Implications for regeneration

In non-mammalian vertebrates, hair cell regeneration is efficiently mediated by support cells, which can transdifferentiate directly into hair cells or undergo asymmetric cell division to yield new hair cell-support cell pairs (Millimaki et al., 2010; Schuck and Smith, 2009; reviewed by Brignull et al., 2009; Cotanche and Kaiser, 2010). However, regeneration fails to occur in the adult mammalian cochlea because support cells lose the ability to divide or transdifferentiate during neonatal development. This transition correlates with a significant decline in Sox2 expression during cochlear maturation (Smeti et al., 2010). Because Sox2 is essential for hair cell regeneration in zebrafish (Millimaki et al., 2010), it seems likely that the decline in Sox2 levels in the mammalian cochlea contributes to loss of regenerative capacity. Interestingly, forced expression of Atoh1 in rodents can stimulate transdifferentiation of support cells and thereby foster some regeneration, though recovery of hair cells is inefficient and morphology is often abnormal (Izumikawa et al., 2005; Kawamoto et al., 2003; Shou et al., 2003; Zheng and Gao., 2000). Whether Sox2 can augment Atoh1-mediated regeneration in mammals remains an open question. In apparent contradiction, one study in mouse showed that co-misexpression of Sox2 and Atoh1 induced many fewer ectopic hair cells than did Atoh1 alone (Dabdoub et al., 2008). However that study utilized vectors designed to promote strong constitutive expression, conditions that clearly override normal feedback mechanisms. Based on our studies, we speculate that transient co-misexpression would allow endogenous Atoh1 and Sox2 promoters to respond freely to natural regulatory mechanisms and potentiate sensory development and hair cell regeneration (e.g. see Woods et al. 2004).

Highlights.

Misexpression of Atoh1a in zebrafish expands development of sensory epithelia in the otic vesicle, but the response is spatially limited and declines with age.

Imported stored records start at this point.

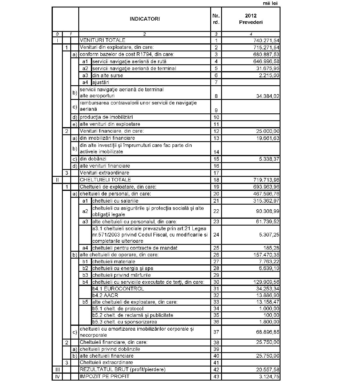 În temeiul prevederilor art. 4 alin. (5) din Ordonanţa Guvernului nr. 46/1998 pentru stabilirea unor măsuri în vederea îndeplinirii obligaţiilor asumate de România prin aderarea la Convenţia internaţională EUROCONTROL privind cooperarea pentru securitatea navigaţiei aeriene şi la Acordul multilateral privind tarifele de rută aeriană, precum şi a unor obligaţii care rezultă pentru România din regulamentele adoptate la nivelul Uniunii Europene în domeniul serviciilor de navigaţie aeriană, republicată, cu modificările ulterioare,în temeiul art. 5 alin. (4) din Hotărârea Guvernului nr. 76/2009 privind organizarea şi funcţionarea Ministerului Transporturilor şi Infrastructurii, cu modificările şi completările ulterioare, al art. 10 alin. (4) din Hotărârea Guvernului nr. 34/2009 privind organizarea şi funcţionarea Ministerului Finanţelor Publice, cu modificările şi completările ulterioare,ministrul transporturilor şi infrastructurii şi viceprim-ministrul, ministrul finanţelor publice, emit următorul ordin: Articolul 1Se aprobă bugetul de venituri şi cheltuieli pe anul 2012 al Regiei Autonome „Administraţia Română a Serviciilor de Trafic Aerian - ROMATSA“, prevăzut în anexa nr. 1, care face parte integrantă din prezentul ordin. Articolul 2Se aprobă situaţia centralizată privind veniturile şi cheltuielile din bazele de cost pe anul 2012 ale Regiei Autonome „Administraţia Română a Serviciilor de Trafic Aerian - ROMATSA“, prevăzută în anexa nr. 2, care face parte integrantă din prezentul ordin. Articolul 3(1) Nivelul cheltuielilor totale aferente veniturilor totale prevăzute în bugetul de venituri şi cheltuieli reprezintă limite maxime şi nu poate fi depăşit decât în cazuri justificate, prin ordin comun al ministrului transporturilor şi infrastructurii şi al ministrului finanţelor publice.(2) În execuţia bugetului de venituri şi cheltuieli se va urmări încadrarea în cheltuielile totale, a căror structură este cea aprobată prin bazele de cost.(3) În cazul în care în execuţie se înregistrează depăşiri sau nerealizări ale veniturilor totale aprobate, regia poate efectua cheltuieli proporţional cu gradul de realizare a veniturilor totale. Articolul 4Prezentul ordin se publică în Monitorul Oficial al României, Partea I. Articolul 5Regia Autonomă „Administraţia Română a Serviciilor de Trafic Aerian - ROMATSA“ va duce la îndeplinire prezentul ordin. p. Ministrul transporturilor şi infrastructurii, Răducu Valentin Preda, secretar de stat Viceprim-ministru, ministrul finanţelor publice, Florin Georgescu ANEXA Nr. 1*)*) Anexa nr. 1 este reprodusă în facsimil.MINISTERUL TRANSPORTURILOR ŞI INFRASTRUCTURII Regia Autonomă „Administraţia Română a Serviciilor de Trafic Aerian - ROMATSA“ Bucureşti, sectorul 1, str. Ion Ionescu de la Brad nr. 10 Cod unic de înregistrare: R 1589932 BUGETUL DE VENITURI ŞI CHELTUIELI pe anul 2012 ANEXA Nr. 2*)*) Anexa nr. 2 este reprodusă în facsimil.Regia Autonomă „Administraţia Română a Serviciilor de Trafic Aerian - ROMATSA“ SITUAŢIE CENTRALIZATĂ privind veniturile şi cheltuielile din bazele de cost pe anul 2012
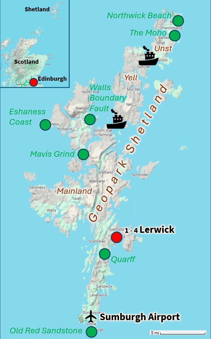 Day 3: North Mainland. Today is an opportunity to get to know the North Mainland. With dramatic rugged hills, sea cliffs and stacks, this is a landscape to remember. We will begin by taking a scenic route north to Mavis Grind – a narrow strip of land with North Sea on one side and the Atlantic Ocean on the other. Between the two, a geowall provides an insight into the complex geology we will witness throughout the day, beginning with extraordinary granite and diorite mixing at the Mavis Grind quarry. Breath-taking views may be enjoyed along the Eshaness coast as we walk through the flank of an ancient volcano and find vivid traces of its explosive past. The landscape remains dynamic today - as one of the highest energy coastlines in the world it is battered by the full force of the North Atlantic. In the afternoon we will enjoy the beach at Braewick - granite at the eastern end is faulted against Devonian sandstones and volcanics to the west. We will then follow the magnificent Ronas Voe beneath Ronas Hill, Shetland’s highest point at 450m formed as a granite pluton in the roots of the Caledonian mountains. At our finishing point of Ollaberry we will encounter the Walls Boundary Fault - the best exposure of the Great Glen Fault to be seen anywhere in Scotland. We finish the day back at our accommodation in Lerwick.
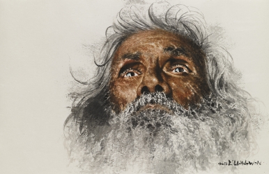 Spiritual Leader under a Tree, 1982, Ink on Hanji, 50 × 34 cm
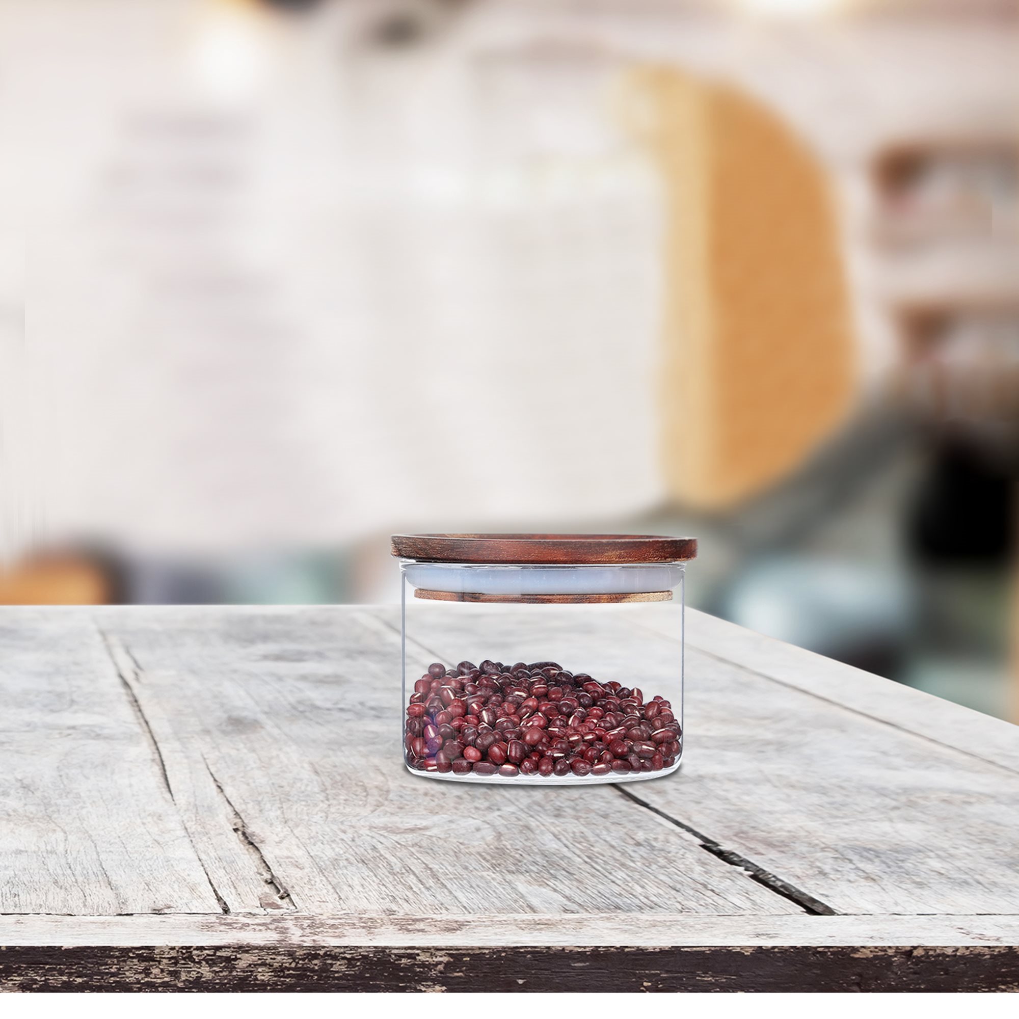 Време е да се сбогувате с кухненското претрупване, като използвате този елегантен контейнер, направен от боросиликатно стъкло и дървен капак на акация. Височината на контейнера е 7 см, което го прави подходящ за съхранение на подправки.
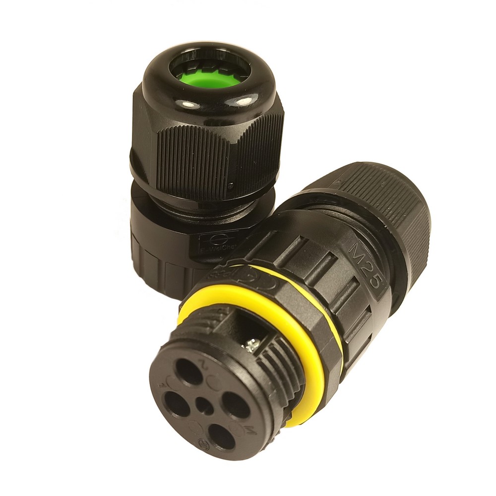 Герметичний кабельний з'єднувач. Різьба М25. Кількість контактів: 3 Діаметр кабелю: 10-14 мм. IP68
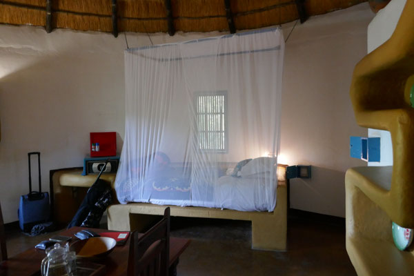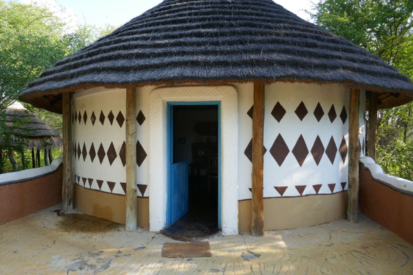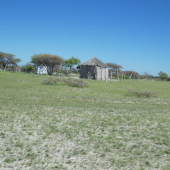 Die Sonne scheint, ein paar Wolken am Himmel, 33 Grad. Wir haben keine Lust mehr zu fahren, aber das schöne Wetter und die Abwesenheit von Regenwolken heben die Stimmung! Gweta Lodge sieht gemütlich aus, die Hütten haben Außenbad und Dusche, sind aber sehr eng und ohne Klimaanlage. Größere Zimmer sind in unansehnlichen Baracken.
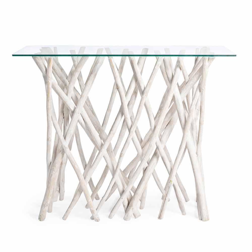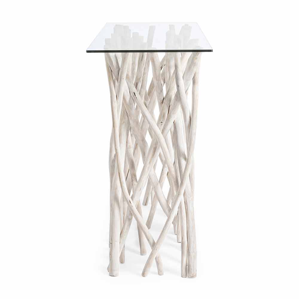 Esta consola de diseño está realizada con una tapa de cristal no templado de 8 mm de espesor sostenida por una base de ramas de madera de teca blanqueada con acabado natural.
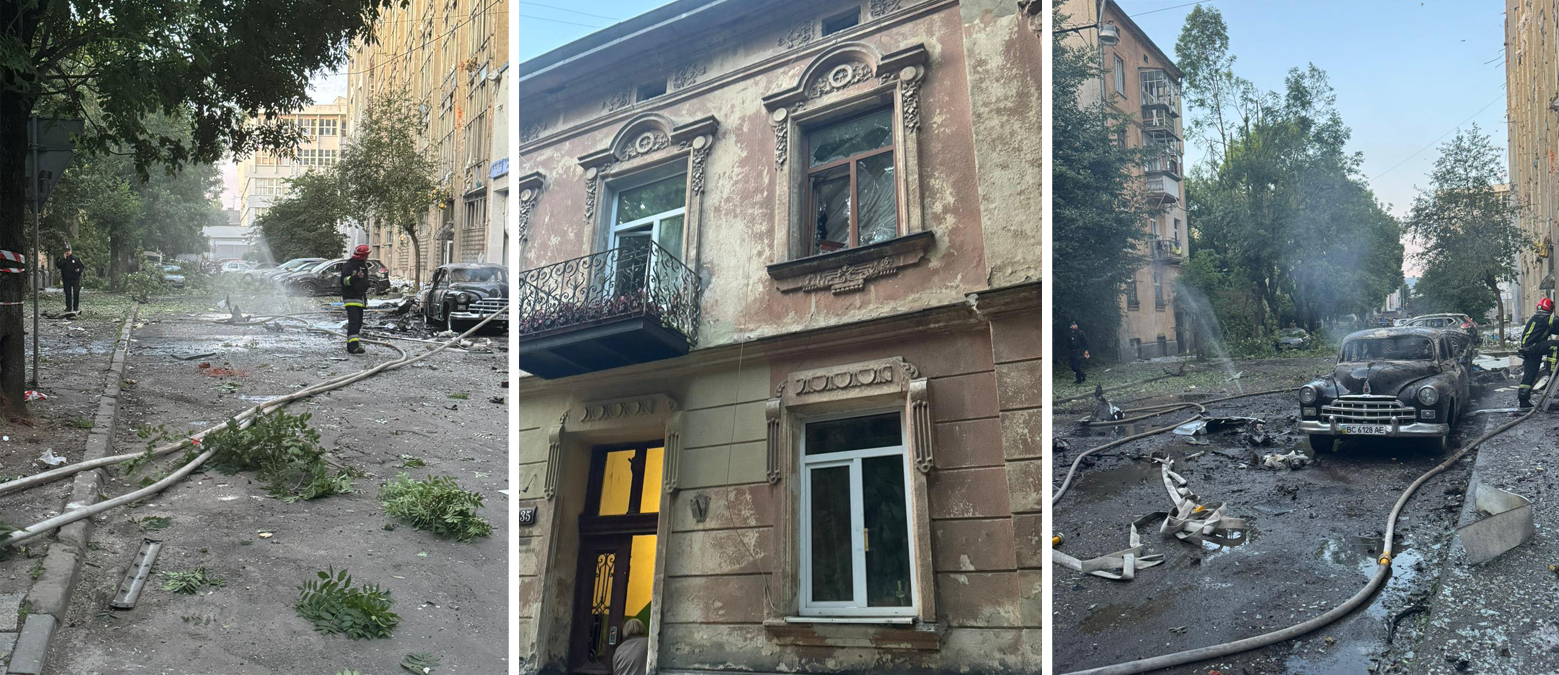 “Унаслідок ворожої атаки на вулиці Митрополита Андрея у Львові пошкоджений двоповерховий житловий будинок. Є часткове руйнування підʼїзду. Стався витік газу й води. Попередньо загиблих і травмованих немає. Пожежі нема. На місці працюють 20 рятувальників та інші служби”
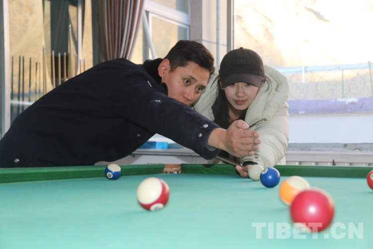 圖為單位陽光房里洛追與永措切磋球技,洛追在旁耐心指導(dǎo) 攝影:鄭鵬飛
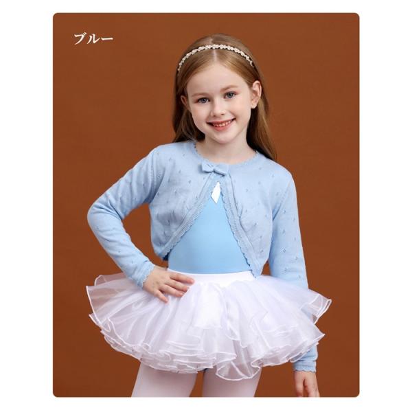 ※ご注意:詳しいサイズや注意点については、【商品情報・詳細】を必ずご確認ください。 ボレロ 子供 キッズ バレエ 女の子 長袖 トップス ニット ダンス バレエトップス レッスン 防寒 温か 寒さ対策 練習着 こども用 ブルー 紫 ピンク バレエ用品 ベビー服 カーディガン かわいい リボン
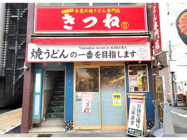 今回紹介する焼うどんのお店は、小倉駅小倉城口から徒歩3分ほどの場所にある「本気の焼うどん専門店 きつね」です。
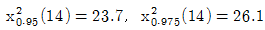 어떤 회사에서 제조하는 제품 15개를 추출하여 중량에 대한 표본 분산을 계산한 결과 10g이 나왔다. 위험률 α=5%로 제품중량에 대한 분산이 8g을 넘을 것인지 검정을 하였을 때의 결과로 맞는 것은? (단, 제품 중량은 정규분포를 따른다고 가정하며,
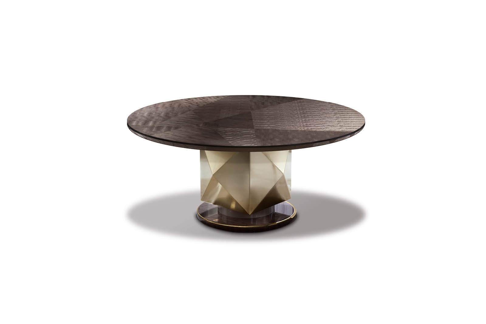 Round table in makorè mahogany veneer with high gloss polyester finish. Fixed top, metal base with Giorgio Collection logo. Inlaid veneer top. Details in light gold chrome stainless steel.

Early co-misexpression of Atoh1a with Fgf3, Fgf8 or Sox2 promotes global expansion of sensory development throughout the otic vesicle.

Sox2 misexpression potentiates sensory development even at later stages when Atoh1a-responsiveness normally declines.

We conclude that Sox2 and Fgf3/8 act as competence factors that facilitate Atoh1a’s ability to promote sensory development.

Supplementary Material

01. Ability of fgf, sox and pax genes to influence sensory competence.

Expression of brn3c:gfp after serial heat shock at 14 and 16 hpf in the indicated transgenic (A–F, H, I) and non-transgenic (G) backgrounds. Embryos in G and H were also injected at the one-cell stage with 5 ng each of pax2a and pax2b morpholino (pax2a/b MO). Embryos were fixed and processed at 38 hpf. All images are dorsolateral views with anterior to the left and dorsal to the top.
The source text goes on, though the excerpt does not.